Fifth, not every power difference between spouses affects the divorce settlement. Often in divorce mediation I see couples in which one parent is especially concerned that a child continue to be brought up in a particular faith. That parent has a great degree of power regarding a specific issue, the religious upbringing of the child, but usually this kind of specific power imbalance does not affect other issues.

Many feminists have expressed the belief that the female spouse in a traditional couple has less power than the male spouse, and that this power imbalance remains unchanged during the mediation process, with the result that the women receive less than their fair share of assets, and so forth. Joanne Schulman (1983), a staff attorney with the National Center on Women and Family Law, cautions women against the use of mediation: “There are any number of factors which can create inequality between the parties. Overwhelmingly, they are factors which tend to favor men over women.” She lists the following as garnering more power for men: greater income, greater career mobility, more knowledge of family finances, thinking that earnings or assets are “his,” more experience at bargaining, and willingness to use power and control tactics.”

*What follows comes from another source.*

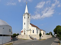 | Südwestansicht der röm.-kath. Pfarrkirche „Zur Kreuzerhöhung“ in der burgenländischen Marktgemeinde Deutschkreutz . Um 1670 wurde eine einschiffige, spätbarocke Saalkirche unter einem Tonnengewölbe anstelle einer Vorgängerkirche errichtet. Zu jener Zeit war auch noch der Friedhof um die Kirche herum. 1928 wurde die Kirche durch zwei Seitenschiffe erweitert und die Kirchhofmauer erneuert. In den Jahren 1973/74 kam es unter der Federführung von Prof. Anton Lehmden zu größeren Umbau- und Renovierungsarbeiten. Unter anderem erfolgte nordseitig ein Anbau mit einem hohem Rundgiebel. | Eigenes Werk | C.Stadler/Bwag | Datei:Deutschkreutz - Pfarrkirche.JPG | |

Men as a class do have more power than women as a class, but some men have less power than some women. Studies of marital relationships are fairly consistent in indicating that husbands have greater power than their wives, though the research also indicates a change toward egalitarian marriage. The well-known 1960 Blood and Wolfe study on marriage concluded that “the roles of men and women have changed so much that husbands and wives are potential equals with the balances of power tipped sometimes one way, and sometimes the other” (p.88). A significant number of individuals, however, take issue with this conclusion. D. Gillespie (1971,p.457), a respected feminist researcher, writes that “the equalitarian marriage… is a myth.” She recognizes that change is coming, but notes that society continues to have a significant number of traditional couples, where, by definition, the husband has substantially greater power than the wife. For the remainder of this article, I will focus on this traditional couple and on their ability to use the mediation process.

Therefore, in answer to my first question, “Is there a power imbalance between traditional divorcing spouses?,” I would respond “Yes.” The male spouse does have more power than the female spouse. How, then, can the mediation process result in a fair settlement for this couple?

If a Power Imbalance Between Men and Women Exists, How Can Mediation Be Fair?

Despite disparities in spousal power, divorce mediators can help clients reach fair agreements. The mediation process, the role of the mediator, and the nature of the divorce crisis itself combine to produce fair agreements.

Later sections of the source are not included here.